• [EXERCISE AIM]:
When writing out the entries below, keep only the lines from the line with "Para habilitar esta" to the line with "(VT.388.N) Фильтр механической", both included, exactly as they are, and leave the pictures aside.

• [MATERIAL TO PROCESS]:

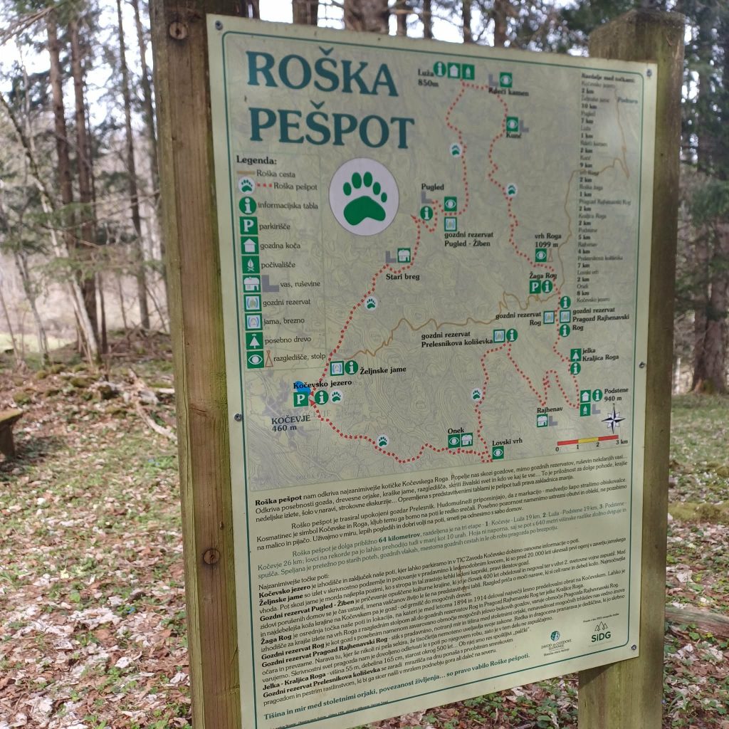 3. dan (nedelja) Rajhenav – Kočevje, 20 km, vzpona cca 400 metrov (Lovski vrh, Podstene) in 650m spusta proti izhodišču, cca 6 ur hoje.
...
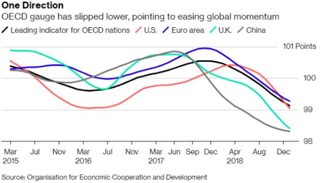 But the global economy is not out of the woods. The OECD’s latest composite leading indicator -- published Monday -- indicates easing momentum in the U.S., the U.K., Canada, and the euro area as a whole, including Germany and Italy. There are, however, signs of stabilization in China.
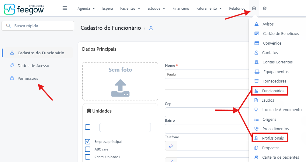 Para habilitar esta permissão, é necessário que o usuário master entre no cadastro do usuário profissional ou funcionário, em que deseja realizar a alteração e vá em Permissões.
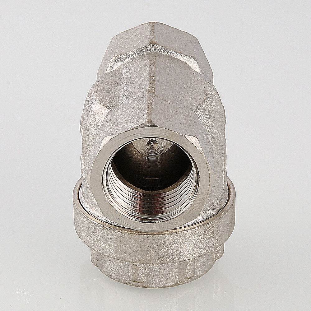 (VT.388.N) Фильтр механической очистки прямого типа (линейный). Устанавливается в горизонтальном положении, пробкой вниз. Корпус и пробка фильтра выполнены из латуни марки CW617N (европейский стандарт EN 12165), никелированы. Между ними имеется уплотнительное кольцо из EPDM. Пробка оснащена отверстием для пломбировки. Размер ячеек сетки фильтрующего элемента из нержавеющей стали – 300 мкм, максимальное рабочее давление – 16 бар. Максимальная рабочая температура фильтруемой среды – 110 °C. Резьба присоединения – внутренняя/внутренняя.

• [TASK SOLUTION]:
 Para habilitar esta permissão, é necessário que o usuário master entre no cadastro do usuário profissional ou funcionário, em que deseja realizar a alteração e vá em Permissões.
 (VT.388.N) Фильтр механической очистки прямого типа (линейный). Устанавливается в горизонтальном положении, пробкой вниз. Корпус и пробка фильтра выполнены из латуни марки CW617N (европейский стандарт EN 12165), никелированы. Между ними имеется уплотнительное кольцо из EPDM. Пробка оснащена отверстием для пломбировки. Размер ячеек сетки фильтрующего элемента из нержавеющей стали – 300 мкм, максимальное рабочее давление – 16 бар. Максимальная рабочая температура фильтруемой среды – 110 °C. Резьба присоединения – внутренняя/внутренняя.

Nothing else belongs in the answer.